Typical progression timeline
Years 1-3 (Analyst): Learn mechanics, support transactions, build technical foundation. Primarily execution.
Years 3-6 (Associate): Run workstreams independently, develop specialization, begin client relationships.
Years 6-10 (VP): Own client relationships, lead deal teams, make credit recommendations.
Years 10-14 (Director): Origination responsibility, team management, P&L accountability begins.
Years 14+ (Managing Director): Full P&L responsibility, senior client relationships, team leadership, strategy.
What separates those who advance
Analyst to Associate: Technical competence and reliability. Do your models work? Do you miss deadlines?
Associate to VP: Deal ownership and client interaction. Can you run a deal with limited supervision? Do clients want to work with you?
VP to Director: Origination contribution. Can you bring in new business? Do you contribute to revenue?
Director to MD: Revenue generation and leadership. Do you generate significant revenue? Can you lead a team?
Getting hired at a bank
What banks look for
Banks hire from predictable sources with formal recruiting processes:
- Undergraduate recruiting (analyst programs)
- MBA recruiting (associate programs)
- Lateral hiring from other banks, rating agencies, or originators
Interview process
Bank recruiting is typically formalized:
Campus recruiting: Information sessions, first rounds on campus or via video, superdays at the bank.
Lateral recruiting: Direct outreach to hiring managers, phone screens, in-person interviews, often multiple rounds.
Interview questions to expect
- Walk me through a warehouse facility structure
- How would you assess credit risk for an originator?

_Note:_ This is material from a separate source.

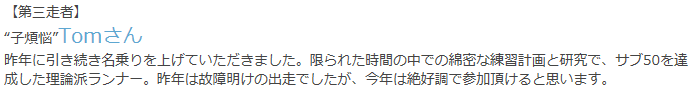 アルスさん→船橋Fさんに続き、僕は第3走者とのこと。襷を渡す相手はKa_Naさん。かしこまりました。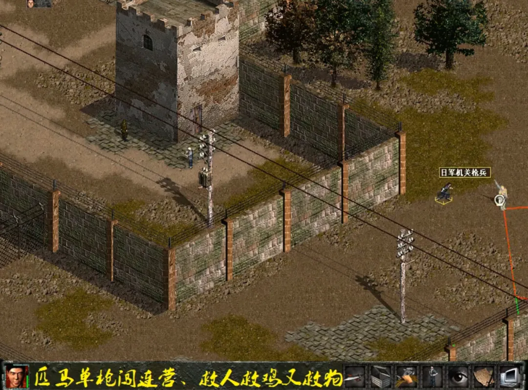 由此不难发现,以《血狮:保卫中国》为代表,20世纪末至21世纪初,国产电子游戏产业出现了这样一种商业路径——模仿成熟的游戏玩法,并在宣传中加入挑起对抗意识的话语内容,这样即使游戏质量本身不过关,也可以通过消费特定玩家群体的情绪而获取不菲的收入。根据现有资料,可以认为最早由中国生产的以抗日战争为主题的电子游戏是外星科技公司开发的FC游戏《地道战》(1996),该游戏故事显然来自电影《地道战》。游戏玩法属于“动作角色扮演游戏”(ARPG),玩家扮演民兵队长高传宝,在多个场景中以不同武器与日军作战。在游戏通关之后,会出现“侵略者睁开你们的眼看看,这就是人民的力量”的宣传语。对此,《电子游戏软件》杂志评价道:“游戏还参照电影《地道战》的情节安排了一些物品,也可以由玩家自行运用,玩起来玩家肯定会说:嘿,过瘾!”这种引用经典抗战叙事,以相对原始的“影游融合”方式为玩家提供抗日战争背景下的游戏快感的创作框架,成为此后近20年间抗战游戏的主要范式。继FC游戏《地道战》之后,中国最早的PC抗战游戏也很快出现,即《抗日:地雷战》(1998,以下简称《地雷战》),该游戏的诞生与游戏行业的“光荣四君子”事件密切相关。

- What are the key terms in a warehouse agreement?
- Technical modeling questions (waterfall mechanics, advance rates)
- Behavioral questions about teamwork, mistakes, and priorities
- Why banking versus buy-side?
Exit options
Bank experience creates well-established exit paths:
To credit funds: Natural transition. Your deal execution experience and technical skills transfer directly. Funds recruit heavily from bank structuring and credit teams. Expect a step-up in compensation.
To originators: Your knowledge of what banks want makes you valuable. CFO, head of capital markets, and treasury roles are common destinations.
Stay at banks: Many people build entire careers at banks. The path to MD is clear, and compensation at senior levels is competitive.
To advisory: Restructuring firms, consulting, and strategic advisory recruit from banks.
To rating agencies: Less common but sometimes used as transition to different function or asset class.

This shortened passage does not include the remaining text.